McCarthy et al. studied 207 SNPs in 110 candidate genes among coronary artery disease patients, a population enriched for metabolic abnormalities. The number of abnormalities (0 to 5) was determined in 214 male and 91 female patients, and the association with each polymorphism was evaluated. Polymorphisms in 8 genes were associated with metabolic syndrome in the whole population (P values ranging from 0.047 to 0.008): LDLR, GBE1, IL1R1, TGFB1, IL6, COL5A2, SELE) and LIPC. Variants in 7 additional genes showed significant gene interaction by gender. Separate analyses in men and women revealed a strong association with a silent polymorphism in the gene encoding low density lipoprotein receptor-related protein-associated protein-1 (LRPAP1) among females (P = 0.0003), but not males (P = 0.292) [24].

In a study of MetS of animal models Vartanian et al. found that Neil1 knockout mice were born at expected mendelian ratios and the phenotype of Neil1 -/- pups was normal through the first 4 to 6 months of life. At about 7 months, however, male Neil1 -/- mice developed severe obesity, and female Neil1 -/- mice were modestly overweight. Mutant mice also showed dyslipidemia, fatty liver disease, and a tendency to develop hyperinsulinemia, similar to metabolic syndrome in humans. Histologic studies showed significant kidney vacuolization, and mitochondrial DNA from Neil1 -/- mice showed increased levels of steady-state DNA damage and deletions, compared to wild type control [25]. Different genes for genetic association studies with metabolic syndrome are shown in Table 1. [26]
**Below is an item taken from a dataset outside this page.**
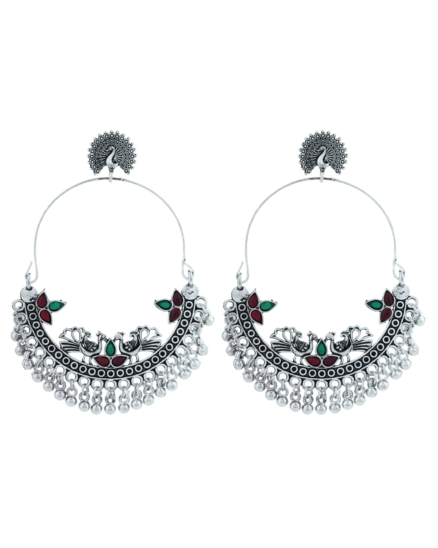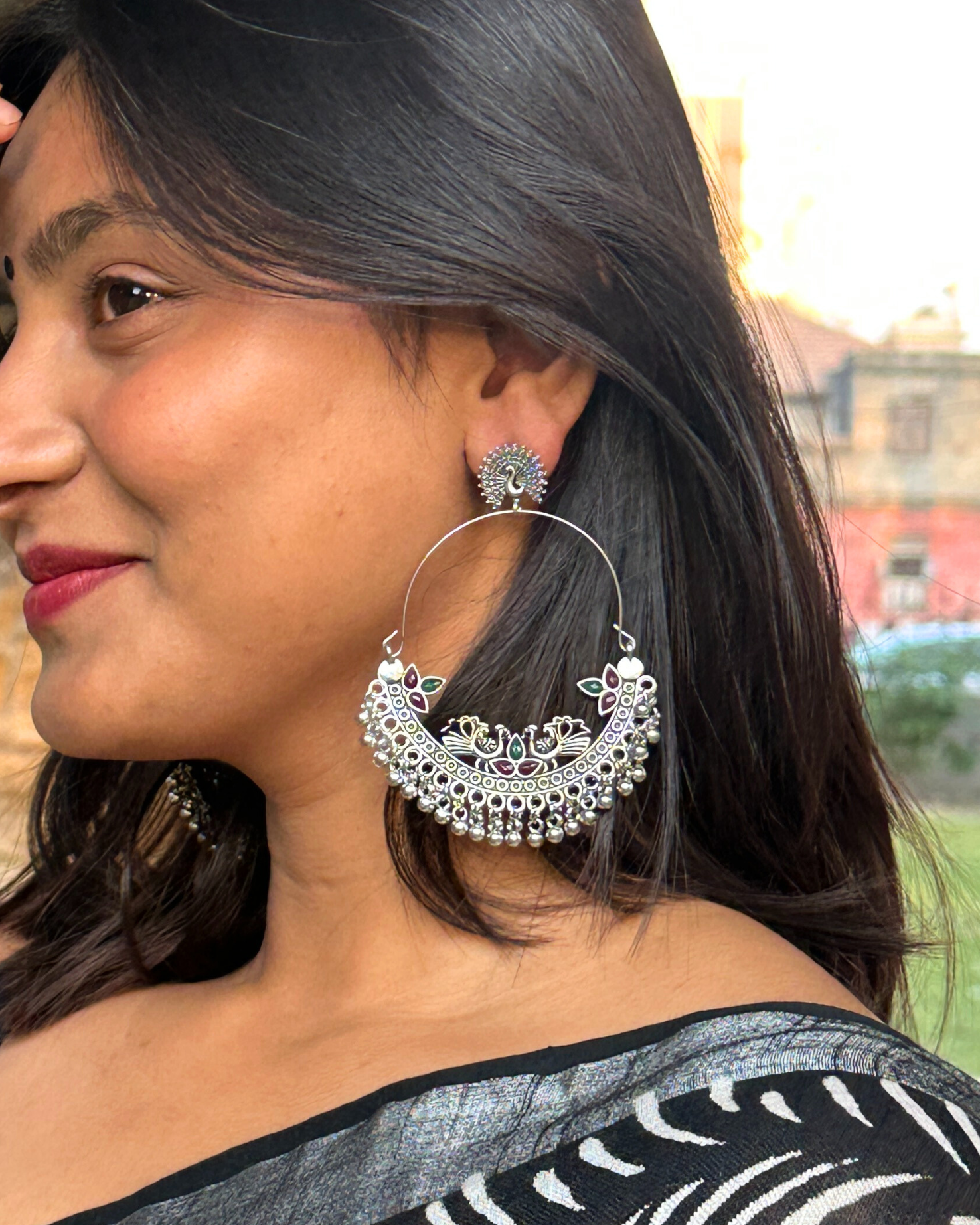 Inspired by the majestic peacock, the Morni Chandbali blends elegance with tradition. With intricate detailing and a regal crescent silhouette, this exquisite piece adds a royal charm to your look. Perfect for making a statement at festive and celebratory occasions

Table 1. Different genes for genetic association studies with metabolic syndrome

LOW DENSITY LIPOPROTEIN RECEPTOR (LDLR) gene. The low density lipoprotein receptor is a cell surface receptor that plays an important role in cholesterol homeostasis. Mutations in this gene are associated with familiarly hypercholesterolemia.

GLYCOGEN BRANCHING ENZYME (GBE1) gene. The GBE1 gene encodes the glycogen branching enzyme (EC 2.4.1.18), which is involved in glycogen synthesis. Branching of the glycogen chains is essential to pack a very large number of glycosyl units into a relatively soluble spherical molecule of glycogen.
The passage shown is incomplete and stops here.